THE RECORDS:
-*-*-

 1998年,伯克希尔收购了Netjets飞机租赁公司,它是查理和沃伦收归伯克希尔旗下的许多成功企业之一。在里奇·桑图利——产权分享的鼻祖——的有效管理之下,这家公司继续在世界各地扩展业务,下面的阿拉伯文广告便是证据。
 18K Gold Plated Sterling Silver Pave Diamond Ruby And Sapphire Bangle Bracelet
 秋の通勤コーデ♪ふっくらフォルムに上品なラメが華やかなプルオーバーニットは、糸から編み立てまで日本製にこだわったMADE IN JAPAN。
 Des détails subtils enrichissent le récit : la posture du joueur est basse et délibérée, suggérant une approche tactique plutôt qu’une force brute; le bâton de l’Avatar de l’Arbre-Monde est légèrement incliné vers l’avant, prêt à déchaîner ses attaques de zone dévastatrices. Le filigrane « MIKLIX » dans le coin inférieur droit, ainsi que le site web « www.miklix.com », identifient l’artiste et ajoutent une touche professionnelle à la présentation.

-*-*-

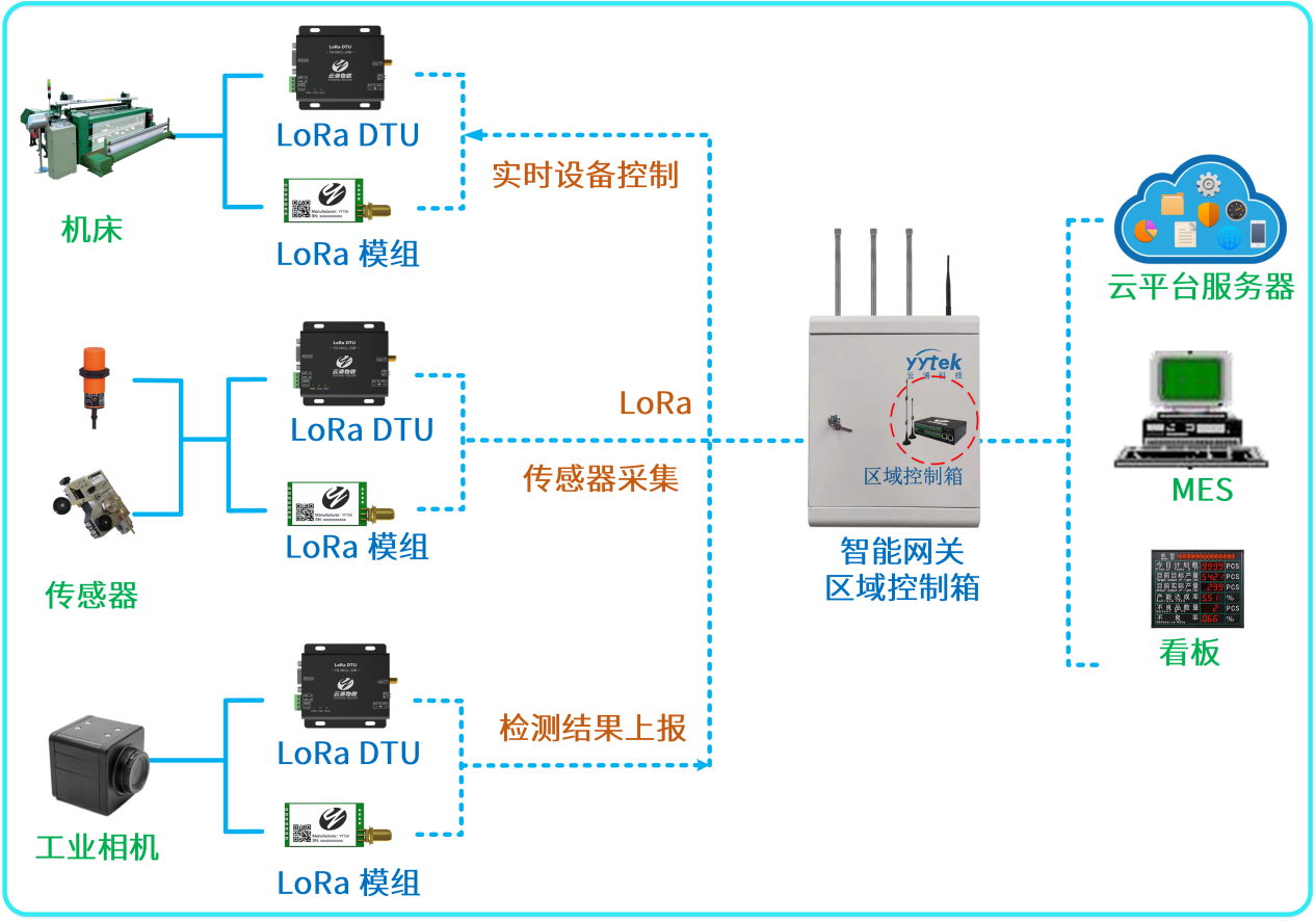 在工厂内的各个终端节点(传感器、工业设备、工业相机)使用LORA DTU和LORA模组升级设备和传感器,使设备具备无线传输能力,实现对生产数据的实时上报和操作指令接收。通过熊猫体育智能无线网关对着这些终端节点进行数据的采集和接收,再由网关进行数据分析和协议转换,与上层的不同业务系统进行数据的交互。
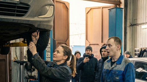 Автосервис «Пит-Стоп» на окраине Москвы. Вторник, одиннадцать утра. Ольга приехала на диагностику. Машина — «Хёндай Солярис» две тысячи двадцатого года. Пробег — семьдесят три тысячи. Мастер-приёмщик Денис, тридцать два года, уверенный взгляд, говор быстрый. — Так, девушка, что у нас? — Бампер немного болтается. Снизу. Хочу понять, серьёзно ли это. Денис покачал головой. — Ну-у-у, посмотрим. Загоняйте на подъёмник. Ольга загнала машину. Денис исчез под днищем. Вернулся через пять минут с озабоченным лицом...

-*-*-

PROBLEM STATEMENT:
Using the entries above, write out exactly the lines from the one with "在工厂内的各个终端节点(传感" through the one with "с озабоченным лицом...", ends included. Leave out any pictures.

TASK RESULT:
 在工厂内的各个终端节点(传感器、工业设备、工业相机)使用LORA DTU和LORA模组升级设备和传感器,使设备具备无线传输能力,实现对生产数据的实时上报和操作指令接收。通过熊猫体育智能无线网关对着这些终端节点进行数据的采集和接收,再由网关进行数据分析和协议转换,与上层的不同业务系统进行数据的交互。
 Автосервис «Пит-Стоп» на окраине Москвы. Вторник, одиннадцать утра. Ольга приехала на диагностику. Машина — «Хёндай Солярис» две тысячи двадцатого года. Пробег — семьдесят три тысячи. Мастер-приёмщик Денис, тридцать два года, уверенный взгляд, говор быстрый. — Так, девушка, что у нас? — Бампер немного болтается. Снизу. Хочу понять, серьёзно ли это. Денис покачал головой. — Ну-у-у, посмотрим. Загоняйте на подъёмник. Ольга загнала машину. Денис исчез под днищем. Вернулся через пять минут с озабоченным лицом...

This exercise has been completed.